I made an account and then chose tea flavors that complement each other. I chose tea because it reminds me of the natural. It's a way to ingest it.

http://www.adagio.com/signature_blend/blend.html?blend=62521

Monday, December 9, 2013

Painting II: Finished Works.

The first painting was of my friend Logan and his favorite Celtic deity, Cernunnos. But that isn't even entirely true because I also took inspiration from another deity, Herne. Both of these stag gods come from Northern Europe and are similar in the fact that they are both deer and that they both protect the forest.
Herne was a man who killed a stag and as punishment was turned into a white stag and made to protect the forest for the rest of eternity. His punishment being mortality and through that, he grows to love and respect nature. 

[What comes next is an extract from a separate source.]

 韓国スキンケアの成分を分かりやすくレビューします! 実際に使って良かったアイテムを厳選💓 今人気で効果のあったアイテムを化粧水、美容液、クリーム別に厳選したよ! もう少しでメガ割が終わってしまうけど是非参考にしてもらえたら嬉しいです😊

Cernunnos has inspired art in modern times. In the Studio Ghibli film, Princess Mononoke, the literal Forest Spirit is a deer with a man's face and horns with many more spikes than a normal stag would have. 

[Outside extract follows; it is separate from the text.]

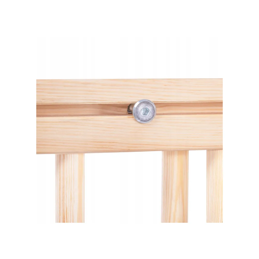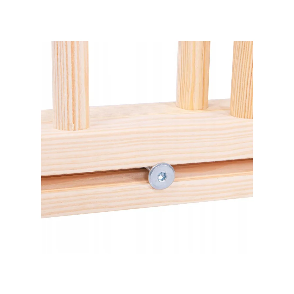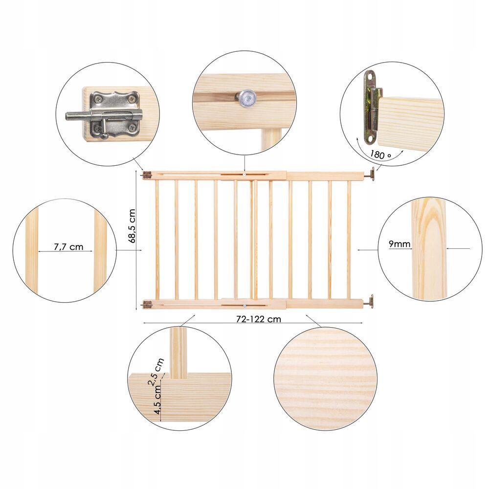 Zábrana je vyrobená z masívneho borovicového dreva s precízne zabrúsenými hranami. Vďaka plynule nastaviteľnému systému uchytenia sa hodí takmer pre akýkoľvek otvor s rozmermi 77-122 cm . Zábranu je možné upevniť ako medzi dva pevné body, napr. do rámu dverí, tak aj na vonkajšiu alebo vnútornú stenu. Sama montáž je veľmi jednoduchá a intuitívna . Všetok spojovací materiál je súčasťou balenia.

The same imagery can be found in video games, the latest Pokemon game to be exact. Where the legendary for Pokemon X, Xerneas, is a stag with the same horn structure. 
Logan told me about both of these myths and where we see them today and that was how I was able to come up with the composition and color scheme. I wanted something that was cold and snowy and serene. Basically, I wanted to turn a human into a stag without actually painting a stag. I chose a photograph of my friend that made me think of something proud and powerful and then I put acorns in his hand to represent his connection with nature. He is holding seeds that will grow into trees as if he were about to plant them. I showed Logan his painting and he wants to put it on an alter he has for nature and that is probably the best place for it.

At this time, I was getting fed up with oil painting and decided to switch mediums. I had a kit of really cheap gouache from another class and chose that. It was way more challenging than I thought it would be. I made the illustration of my friend and her favorite deity, Ganesh. She sat me down and told me about his entire mythos which was way more interesting than I thought it would be.

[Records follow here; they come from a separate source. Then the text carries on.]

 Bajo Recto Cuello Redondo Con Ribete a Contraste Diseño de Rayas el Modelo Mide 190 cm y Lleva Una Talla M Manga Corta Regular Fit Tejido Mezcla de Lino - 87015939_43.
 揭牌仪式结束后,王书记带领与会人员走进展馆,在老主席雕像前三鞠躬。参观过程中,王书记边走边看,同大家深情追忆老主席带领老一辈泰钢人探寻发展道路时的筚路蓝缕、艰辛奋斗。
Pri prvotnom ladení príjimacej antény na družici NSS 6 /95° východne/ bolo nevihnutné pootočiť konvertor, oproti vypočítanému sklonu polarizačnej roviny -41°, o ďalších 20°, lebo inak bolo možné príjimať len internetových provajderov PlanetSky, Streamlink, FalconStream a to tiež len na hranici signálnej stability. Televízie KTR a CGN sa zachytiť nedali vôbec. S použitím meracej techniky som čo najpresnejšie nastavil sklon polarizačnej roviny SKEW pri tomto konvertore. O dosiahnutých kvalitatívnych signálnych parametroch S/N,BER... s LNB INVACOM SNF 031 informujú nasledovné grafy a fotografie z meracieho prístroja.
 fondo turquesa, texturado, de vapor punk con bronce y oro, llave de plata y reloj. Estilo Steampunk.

Ganesh was originally the son of Shiva and Parvati. Shiva didn't recognize him and cut Ganesh's head off in anger. His head was then replaced with an elephant head and he became the god that removes obstacles, the patron god of the arts and sciences. Because of this, I drew Ganesh holding my friend's head. She has transformed into this god in the same way he was transformed into the god he became.

The iconography I used is a majority of the ones he is usually depicted with-- an axe, a trident, a mouse, his grand throne, a lotus flower, the om markings on his face and down his trunk, his original head, and his jeweled crown. All of these things hold significances to either what he does or what he represents. The only major thing I left out was the snake which represents death and rebirth. Honestly, I just couldn't choose a place to put the snake. But I have everything else there. I even placed stars on the back of the throne and in his stomach to represent the universes he creates. It is said the reason why his stomach is so large is because it holds every possible universe ever in it.

Ganesh is basically the best god ever created, in my opinion.
I also found out that Hindu Sutras were painting with gouache. My choice of using that to paint this was completely on a whim and also a pleasant additive to the final piece. 

The last painting I did I actually started before I began painting the Ganesh. Gouache was more difficult than I remember it being and I was scared I was going to ruin my illustration, so I started a self portrait that turned into a type of fake deity as well. The color choices I made were more because I love that teal with that salmon pink. I've made a bunch of paintings with those two colors. It's become basically subconscious to use them when I paint. 

I am also a fan of surrealism and I was able to show that in this painting. 
Basically, until this semester, I have had trouble drawing people and having them be recognizable. I was able to get over that little bump and now I can change what my portraits look like by other means and be happy with the outcome.